Just curious, how proficient are you Cystians at cooking? Are you a master chef in the kitchen, or does everything you touch combust into flames and then charcoal?

Also,  some bonus questions of sorts. 

1) What age were you when you started cooking or making your own meals?

2) What's the most elaborate thing that you can make?

3) How did you learn to cook, or who taught you how to cook?

Well in regards to myself, I was nine and in grade school when my grandmother taught me how to cook. It's useful when you have to watch your little cousins or relatives and they get fussy. I can also make things like tarts, but I learned that from cookbooks when I was younger. But now there's the internet, although I still do prefer the old ways of trial and error than watching some meticulous tutorial. 
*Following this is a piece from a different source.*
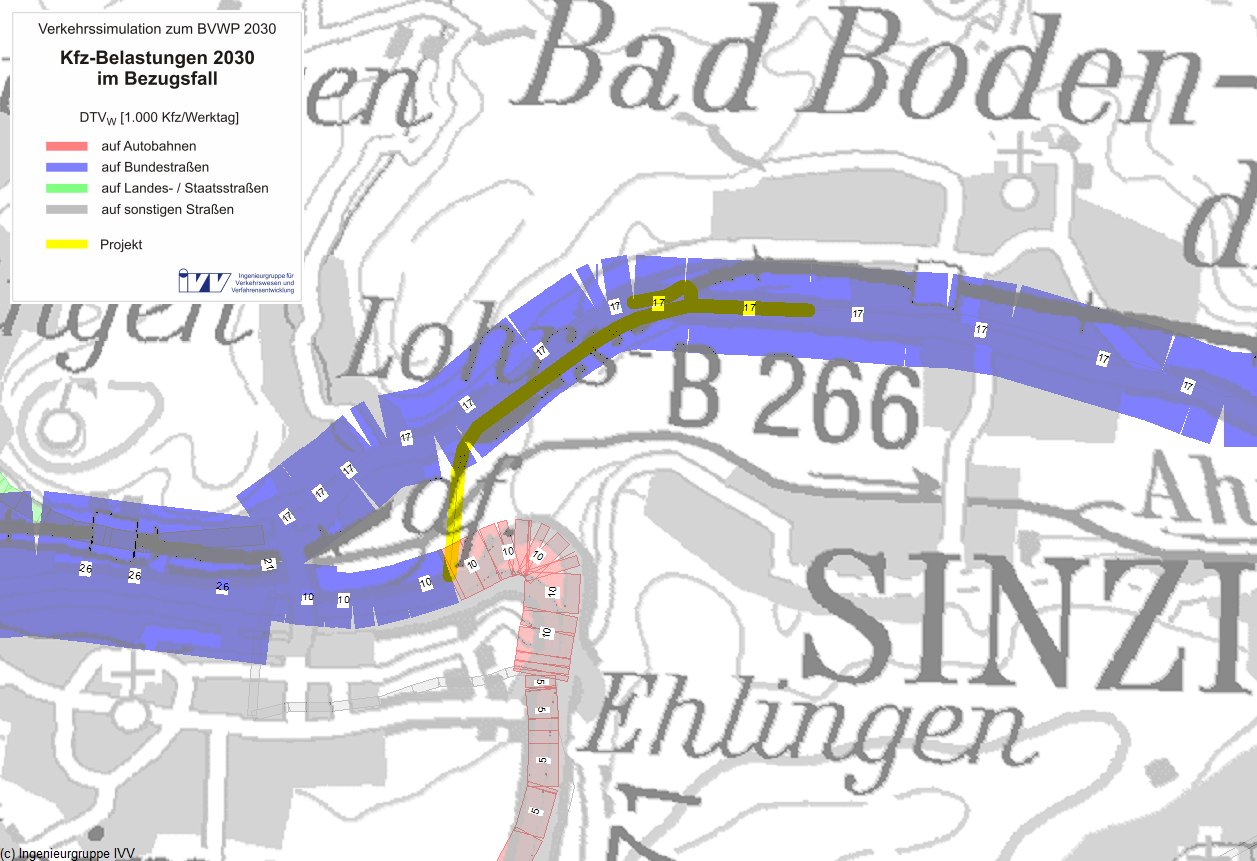| Abb. 2: Kfz-Querschnittsbelastungen des DTVw im Bezugsfall 2030 |

So in short, I'm proficient enough that I now only knick myself with knives sometimes rather than all the time xD But enough about me, what about the rest of you?

A random cooking thread

7 years ago

I'm good in the kitchen, but can't make toast without almost burning my fingertips off :P

1) 13

2) Chocolate Soufflé

3) I learned how to cook when I bought a book full of recipes and cooking stuff for no reason other then the fact that I was very, very bored that day and had nothing else to do.

A random cooking thread

7 years ago

Proficient, between intermediate and advanced: I'll tailor recipes to my instincts but I won't be creating my own recipes anytime soon.

After postgrad

Pretty complex Indian dishes, I probably run an average of 10 ingredients in any given dish and never make 'plain' rice. Been meaning to get into Mediterranean cuisine but never really committed. Same with desserts, been meaning to get into those as well.

Got recipes from home and got feedback based on how they looked in pictures, alongwith taste sampling amongst friends.

A random cooking thread

7 years ago

Can you make chocolate soufflé?

A random cooking thread

7 years ago

Falls under desserts, so haven't tried.

E: Recipe looks fairly simple, I don't have an oven though.

A random cooking thread

7 years ago

"Proficient, between intermediate and advanced"

StrykerL, a lot of the things you say sound like the difficulty descriptions on different characters in a beat-em-up.

Indian food is great, though. Live for dat tikki masala and kofta.

A random cooking thread

7 years ago

Yeah, I've easily played over 5,000 games in my life till now (started when I was 5 when we got a home PC), and with game-dev being my line of work, the terminology creeps into my conversations (IRL as well).

Indian food is fantastic, especially for vegetarians as there's a ton of variety. The best part is that across India there's a different basket of foods, and many of them are fantastic (I've travelled the sub-continent a fair deal, so this is first-hand reporting). My personal preference is roughly North Indian > South Indian > West/Central Indian > North East Indian, with exceptions across the board. Additionally, food is mind-bogglingly cheap in many parts (due to the need to keep it affordable for a huge population base). In south India, you can get a seven-item meal with unlimited refills for between $1 to $4, it's insanely good.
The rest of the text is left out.